How does CoinAnalyst categorize a large data set by Support Vector Machines?

To recap our previous episode of artificial intelligence implemented in CoinAnalyst’s solution, we explained in the context of text analytics that it can be defined as a statistical technique to identify speech, entities, sentiment and other characteristics of text. The techniques can be expressed as a model that is then applied to other text, also known as supervised learning. It could also be a set of algorithms that work across large data sets to extract meaning, which is known as unsupervised machine learning.
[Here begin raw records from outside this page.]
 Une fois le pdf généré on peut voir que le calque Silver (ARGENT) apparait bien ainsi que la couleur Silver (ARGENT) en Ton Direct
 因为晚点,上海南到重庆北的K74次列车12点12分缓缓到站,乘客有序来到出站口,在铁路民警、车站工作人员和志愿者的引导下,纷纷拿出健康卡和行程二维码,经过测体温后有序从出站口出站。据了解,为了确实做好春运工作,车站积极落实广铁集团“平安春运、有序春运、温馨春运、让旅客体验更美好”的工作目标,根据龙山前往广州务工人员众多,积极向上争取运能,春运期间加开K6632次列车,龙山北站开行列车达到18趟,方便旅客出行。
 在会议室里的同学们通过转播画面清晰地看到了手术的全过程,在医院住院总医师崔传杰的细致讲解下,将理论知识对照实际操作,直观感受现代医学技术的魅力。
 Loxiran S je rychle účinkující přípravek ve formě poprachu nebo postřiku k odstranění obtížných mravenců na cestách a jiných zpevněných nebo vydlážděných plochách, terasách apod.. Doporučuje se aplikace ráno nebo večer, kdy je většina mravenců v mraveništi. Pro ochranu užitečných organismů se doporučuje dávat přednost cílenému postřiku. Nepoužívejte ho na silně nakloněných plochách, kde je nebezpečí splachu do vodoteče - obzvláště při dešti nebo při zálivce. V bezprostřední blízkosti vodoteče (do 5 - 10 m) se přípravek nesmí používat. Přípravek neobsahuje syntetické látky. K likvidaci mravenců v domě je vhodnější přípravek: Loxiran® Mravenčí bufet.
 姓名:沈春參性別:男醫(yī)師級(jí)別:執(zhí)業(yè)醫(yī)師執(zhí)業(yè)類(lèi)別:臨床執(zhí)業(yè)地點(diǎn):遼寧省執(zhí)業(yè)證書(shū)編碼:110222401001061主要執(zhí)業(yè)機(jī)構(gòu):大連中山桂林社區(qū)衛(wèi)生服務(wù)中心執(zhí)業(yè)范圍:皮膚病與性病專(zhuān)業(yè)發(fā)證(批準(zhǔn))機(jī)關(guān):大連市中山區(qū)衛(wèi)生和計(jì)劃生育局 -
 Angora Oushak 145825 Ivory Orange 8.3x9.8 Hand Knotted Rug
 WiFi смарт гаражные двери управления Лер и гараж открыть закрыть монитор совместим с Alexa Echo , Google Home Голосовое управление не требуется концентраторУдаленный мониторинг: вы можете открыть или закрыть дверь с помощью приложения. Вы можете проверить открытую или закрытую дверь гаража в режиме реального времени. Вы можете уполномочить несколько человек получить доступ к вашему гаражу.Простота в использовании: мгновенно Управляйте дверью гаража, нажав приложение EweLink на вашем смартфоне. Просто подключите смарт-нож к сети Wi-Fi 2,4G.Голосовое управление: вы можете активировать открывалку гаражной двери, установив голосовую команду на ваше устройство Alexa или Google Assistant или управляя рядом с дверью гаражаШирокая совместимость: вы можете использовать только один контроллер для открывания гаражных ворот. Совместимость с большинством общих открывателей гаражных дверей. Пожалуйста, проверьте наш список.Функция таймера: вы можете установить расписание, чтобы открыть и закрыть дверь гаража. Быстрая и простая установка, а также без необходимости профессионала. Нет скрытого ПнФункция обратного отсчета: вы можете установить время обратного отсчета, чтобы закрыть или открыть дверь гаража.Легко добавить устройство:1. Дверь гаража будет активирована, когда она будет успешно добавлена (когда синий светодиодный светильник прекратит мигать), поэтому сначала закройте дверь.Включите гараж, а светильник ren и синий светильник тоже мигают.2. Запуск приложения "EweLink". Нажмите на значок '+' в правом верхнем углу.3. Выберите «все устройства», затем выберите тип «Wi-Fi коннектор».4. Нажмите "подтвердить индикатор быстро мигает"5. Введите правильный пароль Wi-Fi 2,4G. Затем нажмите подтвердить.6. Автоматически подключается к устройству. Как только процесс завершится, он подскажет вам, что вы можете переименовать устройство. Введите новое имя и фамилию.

As promised, after reading our series of articles you will definitely be a forerunner in the knowledge of current technological advances of text analytics and have an understanding how machine learning helps to distinguish textual publications on social media and generally the world wide web.

Support Vector Machines

A lot of files are mapped to a predefined text attribute class. And its task will be to divide hypertext files into several categories according to predefined contents. This what we elaborated in our previous post concerning supervised learning machines. Almost all areas are involved in this kind of problems. For example, email filtering, spam detection, web search, subject indexing and classification of news stories. 
 We specified that based on a labeled data set that is being imported into the algorithms, the machine learning technology takes the remaining processes over and classifies a raw batch of data. You might think piece of cake, but how does he do that?

In text classification systems, the classifier is a key part related to the effect of text classification and efficiency. Almost all the important machine learning algorithms are introduced in text classification. Just as, support vector machine (SVM). A Support Vector Machine is a supervised machine learning algorithm that can be employed for both classification and regression purposes, but they are more commonly used in classification problems.
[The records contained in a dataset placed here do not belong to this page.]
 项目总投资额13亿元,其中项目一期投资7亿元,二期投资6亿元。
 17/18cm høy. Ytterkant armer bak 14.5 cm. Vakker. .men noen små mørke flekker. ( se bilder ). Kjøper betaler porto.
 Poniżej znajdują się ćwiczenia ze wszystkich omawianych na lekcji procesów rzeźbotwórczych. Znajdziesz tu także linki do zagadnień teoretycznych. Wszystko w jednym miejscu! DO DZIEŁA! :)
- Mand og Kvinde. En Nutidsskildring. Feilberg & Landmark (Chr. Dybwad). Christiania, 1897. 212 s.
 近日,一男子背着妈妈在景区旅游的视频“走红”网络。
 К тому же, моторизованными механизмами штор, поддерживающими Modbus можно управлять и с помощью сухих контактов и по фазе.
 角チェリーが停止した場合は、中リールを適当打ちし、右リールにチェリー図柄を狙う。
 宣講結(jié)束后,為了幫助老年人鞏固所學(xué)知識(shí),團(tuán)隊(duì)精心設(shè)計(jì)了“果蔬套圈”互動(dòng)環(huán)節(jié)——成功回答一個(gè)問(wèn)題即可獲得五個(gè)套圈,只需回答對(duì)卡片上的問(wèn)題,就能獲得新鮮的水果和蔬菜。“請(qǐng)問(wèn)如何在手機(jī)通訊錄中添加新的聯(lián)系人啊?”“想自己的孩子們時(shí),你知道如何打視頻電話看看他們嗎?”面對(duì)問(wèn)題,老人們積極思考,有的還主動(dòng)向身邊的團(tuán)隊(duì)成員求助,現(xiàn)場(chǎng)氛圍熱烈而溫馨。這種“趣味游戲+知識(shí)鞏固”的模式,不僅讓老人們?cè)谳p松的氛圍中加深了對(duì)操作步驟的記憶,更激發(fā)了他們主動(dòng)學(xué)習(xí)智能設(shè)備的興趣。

SVMs are based on the idea of finding a hyperplane that best divides a data set into two classes or groups. This hyperplane is a linear separator/line for any dimension; it could be a line (two dimensional), plane (three dimensional), and hyperplane (four dimensional).

The best hyperplane is the one that maximizes the margin, the distance between the hyperplane and a few close points. These points are the support vectors, because they are the nearest to the hyperplane and control it. They are considered as the critical elements of a data set, because deleting these points would alter the position of the dividing hyperplane.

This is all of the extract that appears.